Beijing by comparison was not too interesting -- too much like a modern Western city, but with terrible, yellow, reeking air. But the Great Wall, a bit north of Beijing, was really an amazing place. Too bad you aren't allowed to hike its full distance.

While hiking along the Great Wall, I asked for a sign from the Chinese gods that a positive Singularity was truly near. As if in some kind of response, a sudden gust of wind came up at that point...

I thought maybe the local gods would look more favorably on me if I ate some of the local cuisine, so I filled up on donkey, whole bullfrog, sea cucumber, duck's blood and pig foot fur and so forth. Not so bad as it sounds, but I still preferred the kung pao chicken.

(As well as consuming various recondite foodstuff items, in Beijing I visited the offices of, a very exciting Chinese virtual-worlds company ... but that's another story for another time....)

Next, I moved on to Tokyo (after some inordinately unpleasant logistical experiences in Beijing Capital airport, which I'd rather not revisit even in memory).
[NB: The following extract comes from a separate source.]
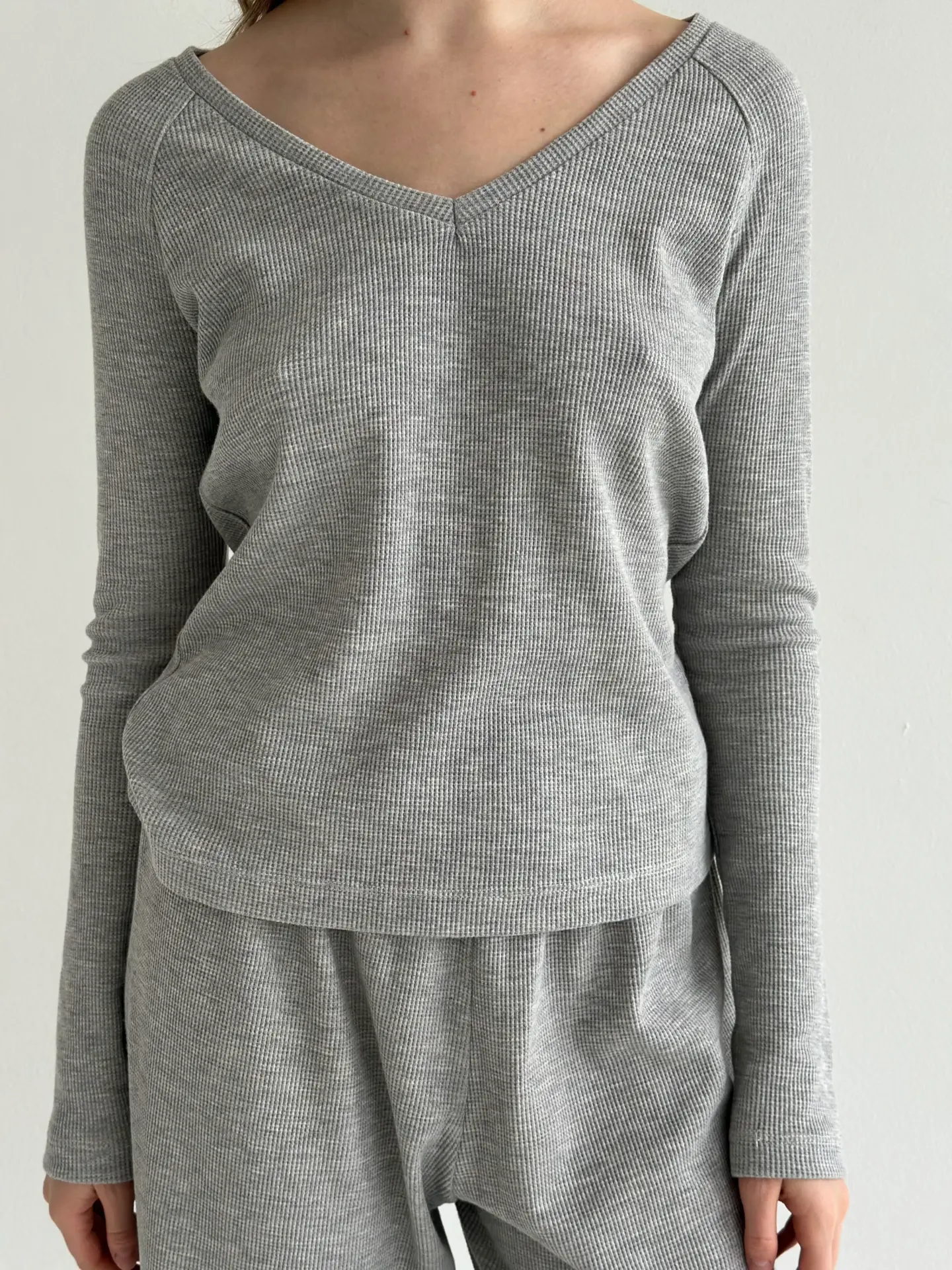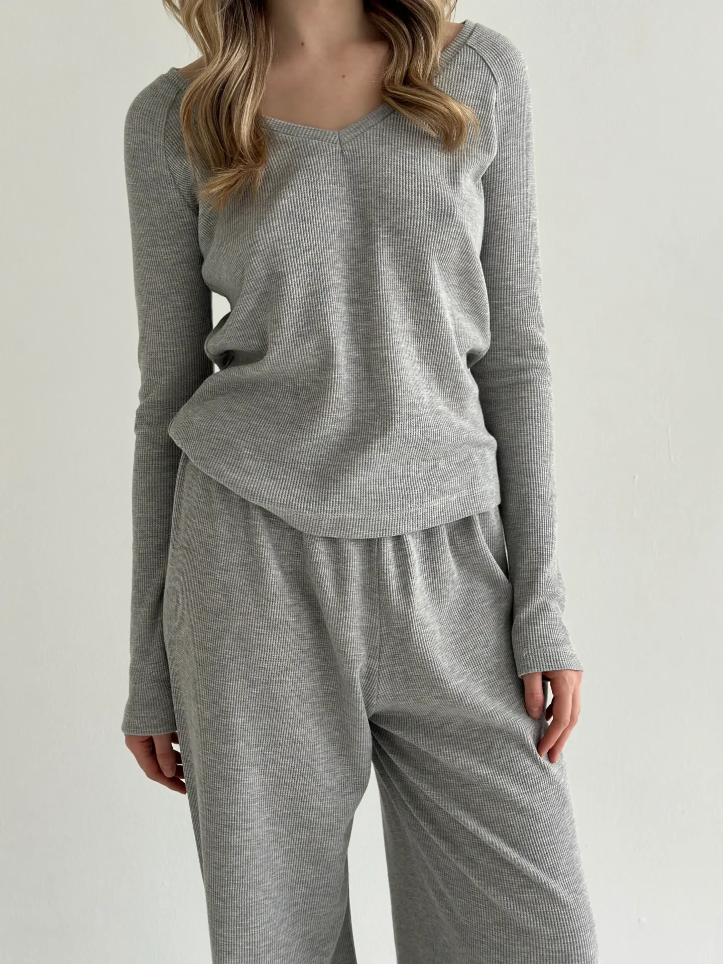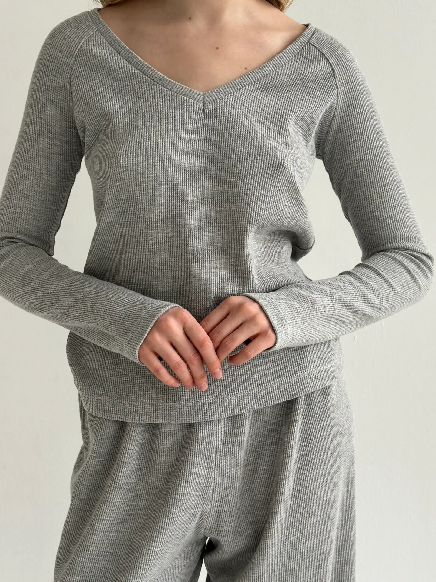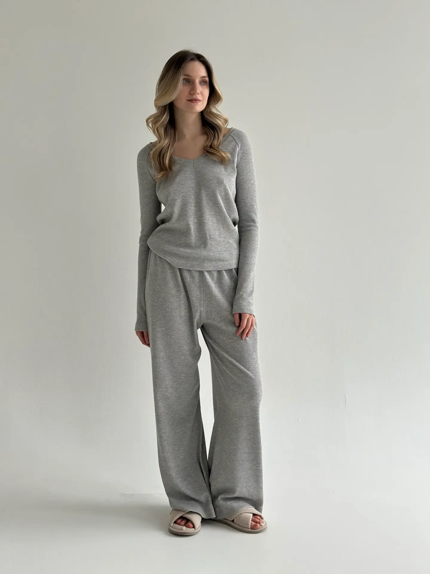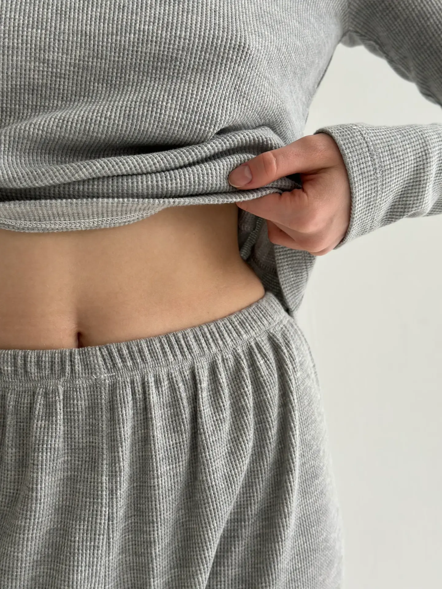 Комплект лонгслів реглан та штани трикотаж вафельний сірий

The company I was visiting there was based in Shibuya, a suitably colorful and hypermodern Tokyo neighborhood:

Based on years of looking over my sons' shoulders as they watch anime', I expected all the Japanese people to look like these statues near Shibuya station:

In fact, some of the people I saw weren't so far off:

But more of them looked like this:

The Japanese love robots and cyborgs, and many of them seem to exhibit this love via making their own human selves as robotic as possible -- which is fascinating but odd, from my aging-American-hippy perspective. (I badly want to go beyond the human forms of body and mind, but I suppose that once this becomes possible, the result won't be much like contemporary machines -- rather it'll be something more fluid and flexible and creative than rigid old humanity.)
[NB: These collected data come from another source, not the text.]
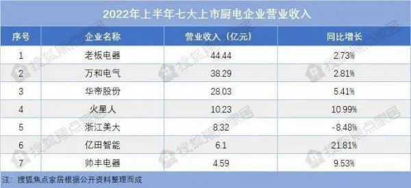 近日,包括老板电器、万和电气、华帝股份、浙江美大,火星人、亿田智能和帅丰电器等在内的共7家上市厨电企业2022年半年度报告已尽数披露。受疫情影响,加上原材料上涨、房地产市场放缓等,厨电企业能否抵抗住重重压力?在过去的2022上半年,四家净利下滑,帅丰电器垫底;通观七大上市厨卫企业的半年报,在对业绩增长助推因素的分析中,“数字化”成为热点词汇,与积极推进产品的数字化革新密切相关。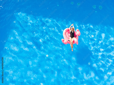 Summer holidays, relaxation. Woman on flamingo pool float in pool, drone aerial view. Enjoying summer vacations during quarantine.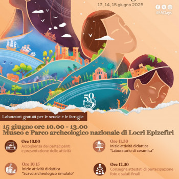 Nell'ambito delle Giornate Europee dell'Archeologia 2025, il Museo e Parco archeologico nazionale di Locri domenica 15 giugno propone un laboratorio didattico gratuito per bambini e ragazzi dai 6 ai 14 anni. L'attività che prevede max 30 partecipanti ha l'intento di promuovere nei giovanissimi l'amore per il proprio patrimonio culturale attraverso momenti di conoscenza e di apprendimento che si fondano sull'approccio ludico e pratico-manuale. Prenotazione obbligatoria.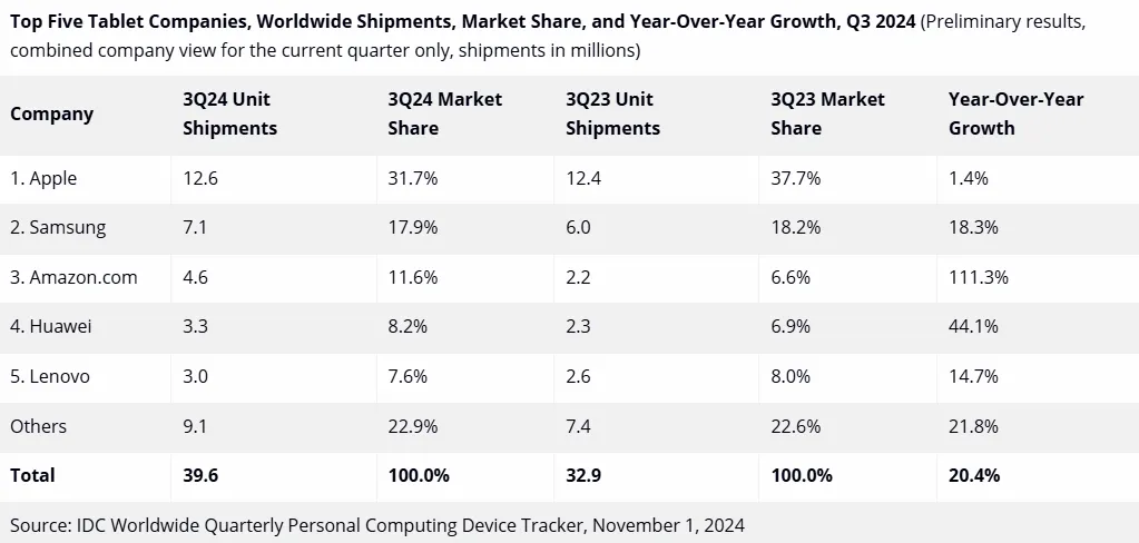 [3] ข้อมูลที่ได้รับจาก Canalys ตามรายงานของ HuaweiCentral ระบุว่า Huawei จัดส่งแท็บเล็ต 3.3 ล้านเครื่องในไตรมาสที่ 3 ปี 2024 ซึ่งเผยแพร่ในเดือนพฤศจิกายน 2024 https://www.canalys.com/newsroom/global-tablet-market-Q1-2024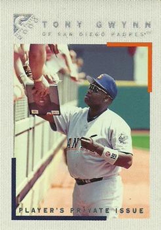 The Tony Gwynn 2000 Topps Gallery #42 Player's Private Issue /250 card is 1 of 15 Tony Gwynn's card variations in the 2000 Topps Gallery set being tracked by Sports Card Investor, including #118 Base, #42 Base, #118 Player's Private Issue /250, #118 Press Plates Black /1, and #42 Press Plates Black /1.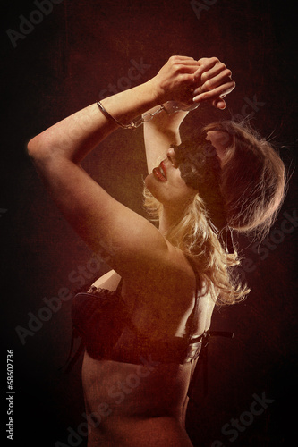 © mariesacha, Fototapeta premium femme sexy avec masque en dentelles et menottes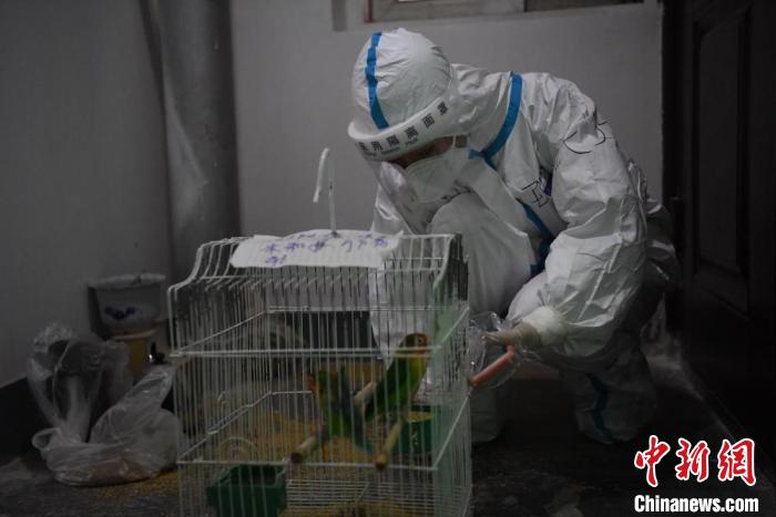 中新網記者跟隨張瑜,記錄她抗疫的“十二時辰”時看到,時至下午2點,她穿好防護服,進入封閉小區替居民照看鸚鵡,并電話告知主人寵物的最新情況。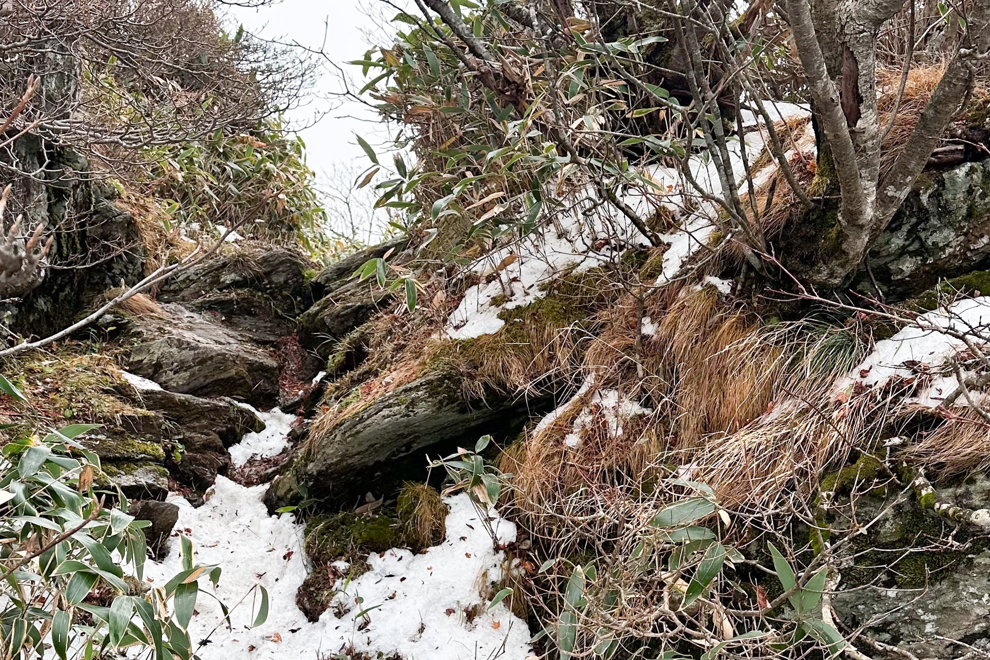 We arrive at the peak of Otokoyama. You should aim for the summit of Mt. Mezan, so you move quickly. There is a lot of snow on the north side of the mountain.

Toward the end of my stay, I got fed up with the hypermodernity, and I visited an old-time shrine in a beautiful park...

where I happened upon an intriguing site where Japanese go to submit prayers to the gods.

Each prayer is written down on a little piece of wood (which you buy for five dollars), then placed on a special prayer rack with all the others. The gods then presumably sort through them all (maybe with secretarial help from demigods or some such -- I didn't ask for the details), and decide which ones are worth granting, based on whatever godly criteria they utilize.

At first, the very concept caused the sea cucumber, duck's blood and twice-cooked donkey I'd eaten a few days before, much of which was still lingering in my stomach enjoying itself, to surge up through my gastrointestinal tract in a kind of disturbingly pleasing psychedelic can-can dance....

My next reaction was curiosity regarding what everyone else had prayed for. Sure, I could sorta guess, but it would have been nice to know in detail. But as the prayers were nearly all in Japanese, I couldn't really tell what they were all about, though a few gave small clues:

In the end, not wanting to be left out, I plunked down some yen to buy a little piece of wood and submitted my own prayer to the Japanese gods, to be considered along with the multitude of other human wants and needs. Hopefully the Japanese gods were in a generous mood that day -- for all our sakes!